Ces dernières années, des aléas significatifs ou des successions d'aléas de moindre importance conduisant à des arrêts longs, comme la chute d'un générateur de vapeur ou des défauts des groupes électrogènes de secours affectant leur résistance au séisme, sont intervenus à plusieurs reprises sur des installations nucléaires, sans qu'il n'y ait de doute sur la volonté et la capacité de l'exploitant de remettre au plus vite son installation en service. Ainsi, des exploitants, dont l'arrêt de leurs installations nucléaires de base approchaient des deux ans, ont déposé des dossiers de demande de dérogation en application de l'article R. 593-74 du code de l'environnement. Trois dossiers (Paluel 2, Bugey 5 et Flamanville 2) ont ainsi été déposés auprès du ministre chargé de la sûreté nucléaire sur les cinq dernières années. L'instructions de ces trois dossiers, qui mobilise en urgence des agents du ministère mais également de l'Autorité de sûreté nucléaire (ASN) et de l'Institut de radioprotection et de sûreté nucléaire (IRSN), a été menée à son terme pour un seul dossier87(*), les deux autres dossiers ayant été abandonnés en fin d'instruction.

Le retour d'expérience d'instructions en urgence peu avant l'échéance des deux ans a amené les exploitants à anticiper la préparation et le dépôt de demandes de prolongation de cette durée. La mise en oeuvre de ces dispositions a ainsi conduit en pratique à une charge inutile sur les exploitants et l'administration.

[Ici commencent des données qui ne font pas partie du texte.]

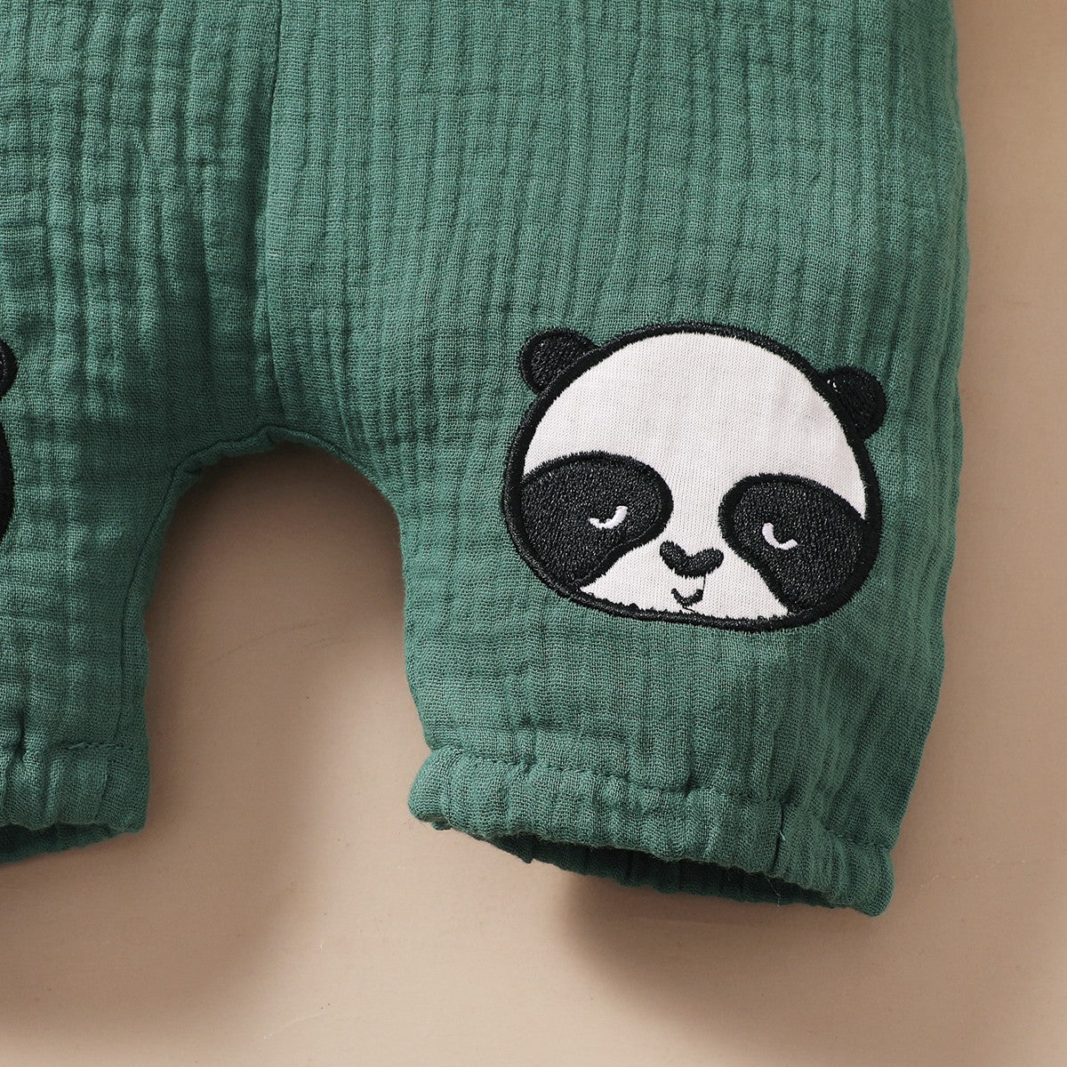 Baby Boy Cute Stripes Top And Panda Applique Overalls Wholesale
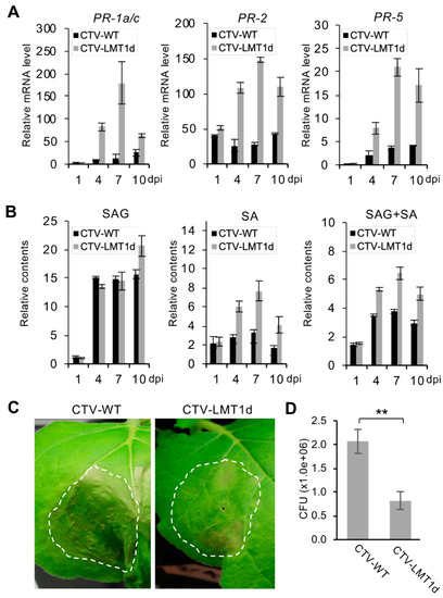 In order to establish a successful infection, a virus must counter-act host defense responses. In plants, SA-mediated signaling pathways can suppress all three main stages in virus infection: replication, cell-to-cell movement, and long-distance movement [17]. Furthermore, it has been shown that SA signaling is involved in plant defense against CTV [55]. Therefore, we next tested if the host immune responses to CTV-WT and CTV-LMT1d were different. Before assaying the SA levels, we first examined the mRNA levels of the three PR genes associated with the SA pathway—the PR-1a/c, PR-2, and PR-5 genes—in the leaves of N. benthamiana plants infiltrated with CTV-WT or CTV-LMT1d (Figure 4A). RT-qPCR quantification using total RNA extracted from the samples collected at 1, 4, 7, and 10 dpi demonstrated that at all time points starting at 4 dpi the three PR genes were expressed at significantly higher levels in the plants infected with the LMT1-deficient virus compared to those in the plants infected by CTV-WT. Since the difference in the PR genes expression was significant, we next analyzed the total SA levels composed of free SA and SAG using tissue samples from the above plants (Figure 4B). Quantification of the SA accumulation showed a significant difference between CTV-WT and CTV-LMT1d, with the SA accumulation in the CTV-LMT1d-infected tissue being two to three times higher than that in the CTV-WT-infected tissue (Figure 4B).
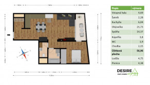 Byt pozostáva z chodby, šatníka, obývacej izby spojenej s kuchyňou, spálne, kúpeľne, samostatného WC a loggie.
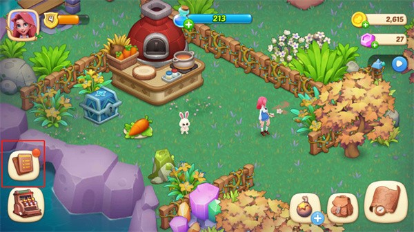 1、打开梦幻魔法屋游戏,左下角有一个任务系统,点击即可查看;

1.2. CADRE CONSTITUTIONNEL

Le présent article est conforme aux dispositions de l'article 6 de la Charte de l'environnement de 2004 considérant que la disposition modifiée, c'est-à-dire l'arrêt définitif systématique au bout de deux ans de non-fonctionnement d'une installation nucléaire de base, ne s'appuie pas sur une réalité technique ou scientifique.

1.3. CADRE CONVENTIONNEL

Les dispositions de cet article du projet de loi ne présentent pas d'incompatibilité avec les dispositions de la directive 2009/71/Euratom du Conseil du 25 juin 2009 établissant un cadre communautaire pour la sûreté nucléaire des installations nucléaires. Éléments de droit comparé

2. NÉCESSITÉ DE LÉGIFÉRER ET OBJECTIFS POURSUIVIS

2.1. NÉCESSITÉ DE LÉGIFÉRER

L' article L. 593-24 du code de l'environnement est modifié pour ne pas rendre automatique l'arrêt définitif d'une installation nucléaire de base lorsque celle-ci a cessé de fonctionner pendant une durée continue supérieure à deux ans.

2.2. OBJECTIFS POURSUIVIS

Cet article vise à éviter des instructions inutiles, tant pour les exploitants nucléaires que pour la puissance publique, portant sur la justification de la poursuite du fonctionnement d'installations nucléaires de base qui n'ont pas vocation à être arrêtées définitivement à court terme, et à cibler des installations dont les opérations de démantèlement doivent effectivement être engagées rapidement.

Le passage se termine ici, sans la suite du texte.